A support vector machine (SVM) classifier was used to classify each potential margin sentence. SVMs have been used in the clinical domain for several NLP-related tasks including document classification 32 and complex concept identification in radiology reports. 22 To train the classifier, automatically extracted margin sentences were taken from a separate random sample of 782 pathology reports from the combined BWH/ UCLA collection. A total of 851 extracted sentences in the training set were manually categorized by the author (LWD) into one of the three categories: positive, negative, and not applicable. Extracted sentences were stripped of punctuation, converted to lower case, and their tokens and assigned class were passed to an implementation of an SVM classifier that used a polynomial kernel function and sequential minimal optimization (SMO) for training. 33 The resulting model was used to classify the margin status of sentences extracted from the 676 reports used in this study. For reports containing more than one classified margin sentence, an assignment of positive margin status was given if one of the sentences was classified as positive. In the case that no positive margin sentences were identified, the report was classified as negative if one of its sentences was classified as negative. Reports for which no potential margin sentence was found were classified as having no margin status and logged by COAT for review. illustrates the process used to extract and classify surgical margin status.

Figure 3.

Figure 3

Extraction and classification of surgical margin status.

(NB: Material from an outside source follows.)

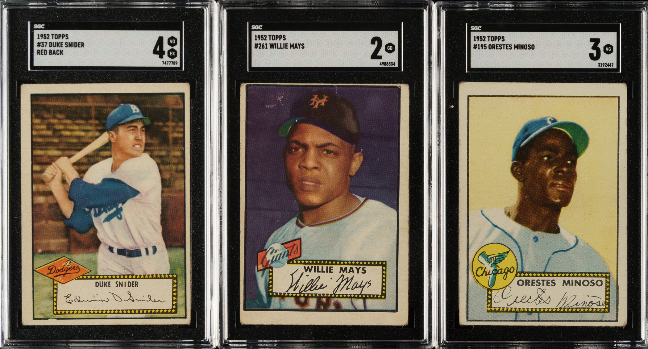 Complete low-number run (#1-310) from the classic 1952 Topps series. Missing only the 97 rare high-number series cards (#311-407) for completion. Cards #1-80 include 61 black-back variations. Condition is 82% Gd to Vg (including 3% Vg-Ex) and 18% Pr to Fr. We have selected four cards to be professionally graded and encapsulated by SGC. Keys (#1-310): #1 Pafko (Pr-Fr), 2 Runnels (Gd, black back), 11 Rizzuto (Gd+), 20 Loes RC (Vg), 22 DiMaggio (Gd+, black back), 26 Irvin (Pr-Fr, black back), 29 Kluszewski (Vg), 33 Spahn (Vg, black back), 36 Hodges (Vg, black back), 37 Snider (VG/EX 4), 48b Page/correct (Vg, black back), 49b Sain/correct (Vg), 57 Lopat (Fr, black back), 59 Roberts (Fr, black back), 65 Slaughter (Gd, black back), 66 Roe (Gd+), 67 Reynolds (Gd, black back), 88 Feller (Vg), 91 Schoendienst (Vg), 122 Jensen (Vg), 129 Mize (Fr), 175 Martin RC (Vg), 191 Berra (GOOD 2), 195 Minoso RC (VG 3), 215 Bauer (Vg), 216 Ashburn (Vg+), 227 Garagiola (Gd), 243 Doby (Fr-Gd), 246 Kell (Vg-Ex), 250 Erskine (Fr), 261 Mays (GOOD 2), 268 Lemon (Gd), and 277 Wynn (Vg). This is an attractive and consistent complete low-number run of 1952 Topps, one of card collecting’s most popular classics, representing a very substantial start toward a complete set. Total: 310 cards.

Evaluations of system performance were conducted for the combined results as well as for each institution. A detailed analysis of failures was performed to identify areas of improvement as well as to measure the effects of poor data caused by incorrectly assigned administrative codes, missing values, and typographical errors. The COAT pipeline was run on a personal computer running Windows XP with a Pentium 4 3.06-GHz processor and 512 MB of RAM.

Results

The total number of quality measures targeted in this study was 2,028 (676 reports times three targeted measures per pathology report). Of these targets, 2,001 were accurately mapped to the gold standard for an overall accuracy of 98.7%. As shown in , the accuracies for the extraction of Gleason score, TNM stage, and surgical margin status from the pathology reports of patients identified as having undergone prostatectomies as treatment for prostate cancer were 99.7%, 99.1%, and 97.2%, respectively.

Table 6.

Table 6 Overall System Accuracy

Gleason score 99.7% 674/676
TNM stage 99.1% 670/676
Margin status 97.2% 657/676
Overall accuracy 98.7% 2,001/2,028

System errors, or errors in which a quality measure existed in a report but was not accurately captured, were responsible for 74% (20 of 27) of all errors. The remaining 26% of errors were caused by poor data quality, including inaccurate administrative code assignment, typographical errors, and partial values. The distribution of system versus data quality failures is shown in . There were 12 (1.8%) documents in the sample that should not have been assigned either CPT 55845 or ICD-9 code 185. However, only one of the false-positive extractions was caused by an inappropriately labeled report. Details of the system's performance along with analyses of system failures are provided in the following sections.

Table 7.

Table 7 Reasons for Failures

Types of Errors Distribution of Error Types Percentage of Total Error
System errors 20/27 74%
Typos or inconsistencies 6/27 22%
Incorrect billing code 1/27 3.7%

Gleason Score Extraction

In comparing the automatically extracted Gleason score results to the gold standard, the created pipeline accurately mapped 99.7% (674 of 676) of the values. The two inaccurately mapped measures were both the result of poor data quality. The first was due to a single text document from BWH containing two different pathology reports. The second inaccurate mapping was caused by the inclusion of two different Gleason scores in one UCLA pathology report. The 12 mislabeled reports in the gold standard did not adversely affect the automated extraction of Gleason score. The total time for extraction of Gleason scores from the 676 reports was 37 seconds.

Tumor Stage Extraction

Tumor stage was correctly mapped in 99.1% (670 of 676) reports in the sample. Of the six inaccurately mapped stage results, four were failures of the system to capture measures that existed in a report. Of these system errors, one was caused by an addendum added to the report that listed two different tumor stage results. The other three were caused by the inclusion of commas in the reported tumor stage, a pattern not accounted for in the regular expression used (e.g., “T2, No, Mx”). All four system errors occurred on UCLA reports. The two remaining errors were data quality errors. One was caused by an incorrectly formatted tumor stage in a BWH report (2Tc, rather than T2c). The other was a false positive caused by an incorrect administrative classification of the document in the UCLA collection. Although the document did feature a similarly formatted tumor stage result that was captured by the system, the pathology report was for a patient treated for bladder cancer, not prostate cancer. The total time for extraction of tumor stage was 44 seconds.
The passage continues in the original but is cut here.